One may wonder if, rather than eliminating items on the basis of even spread, or visual aspect and domains, it would not be best to retain the most informative items. As shown in
Figure 2, the most informative items are those in the center of the range, but that also is where most of the items are. Thus, if the sparseness of the information is taken into account, retaining items towards the end of the scale is important, particularly since the PMs of outlying (very able or disabled) individuals can only be estimated by virtue of outlying items.
We did not present results of a differential person functioning (DPF) analysis here. The reason for this is simple: Whether we grouped our data according to the item sets, functional domains, or visual aspects, in all cases the DPF values were very small. This is in line with the high correlations presented above, and with the lack of an appreciable second dimension in the PCA.
One remaining question may be whether there is any need for a calibrated 150-item instrument, if the shortened versions are so similar in properties.
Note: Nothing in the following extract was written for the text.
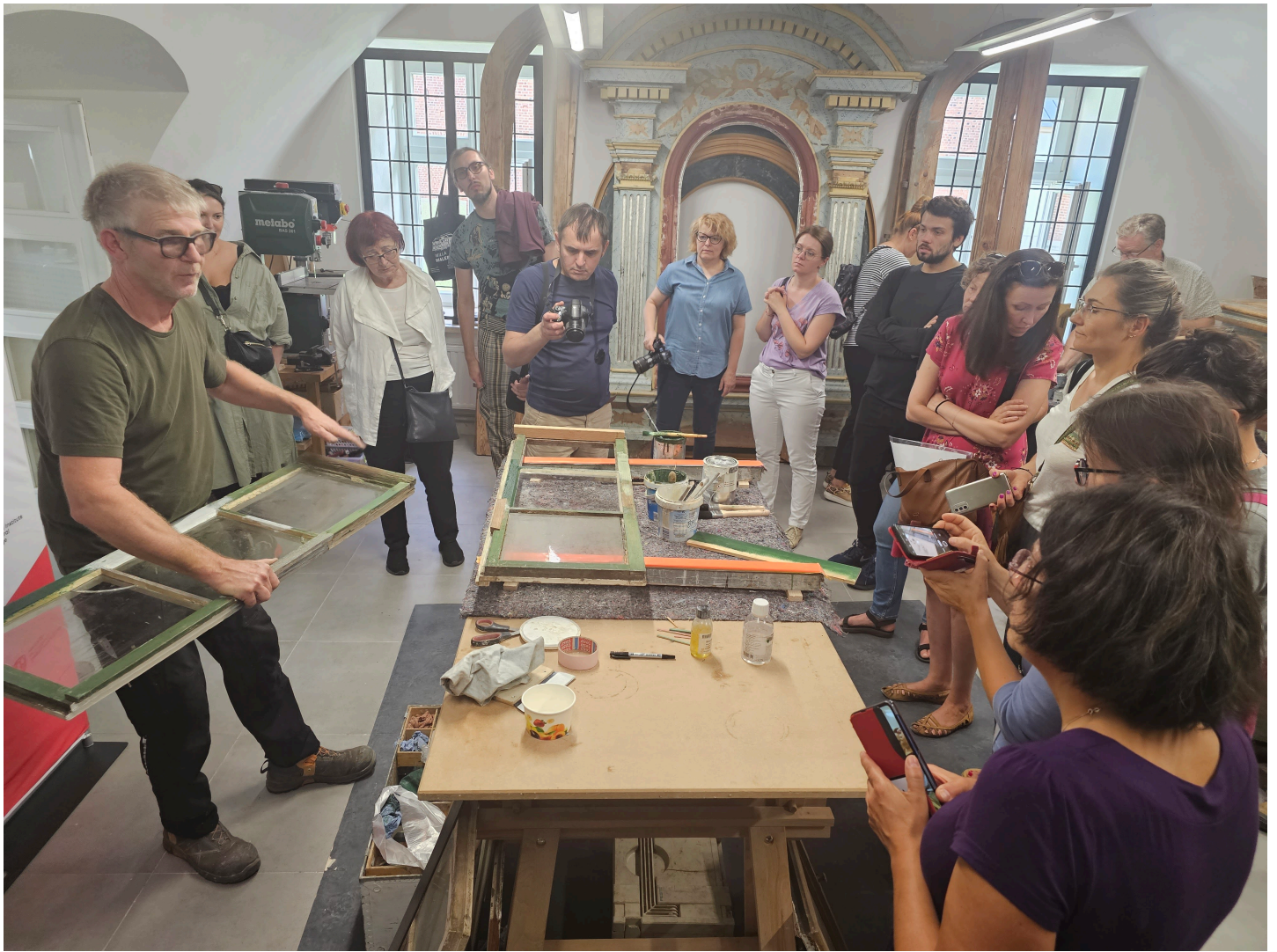
Seminarium „Historyczna stolarka okienna”

In our opinion, the merit of such an instrument are two-fold: (1) to continue building a large set of activities in the ULV range, as a calibration standard for future instruments, or (2) to provide an item bank for other ULV questionnaires, whether they are adaptive and select items most appropriate for each individual respondent, or have fixed item sets that concentrate on specific types of activities, or concentrate on certain visual aspects or domains.
In conclusion, we have derived from the 150-item ULV-VFQ two shorter ULV questionnaires for clinical use, the ULVVFQ-50 and the ULVVFQ-23, with anchored items, and have studied their psychometric properties; a third version, with 17 items, spans a shorter range and, therefore, is less appropriate in a population with a wide range of ULV. Which of the remaining instruments is preferred in a given setting will depend on the willingness of the clinical investigators to spend more time administering the instrument, in exchange for greater precision of the PM estimates.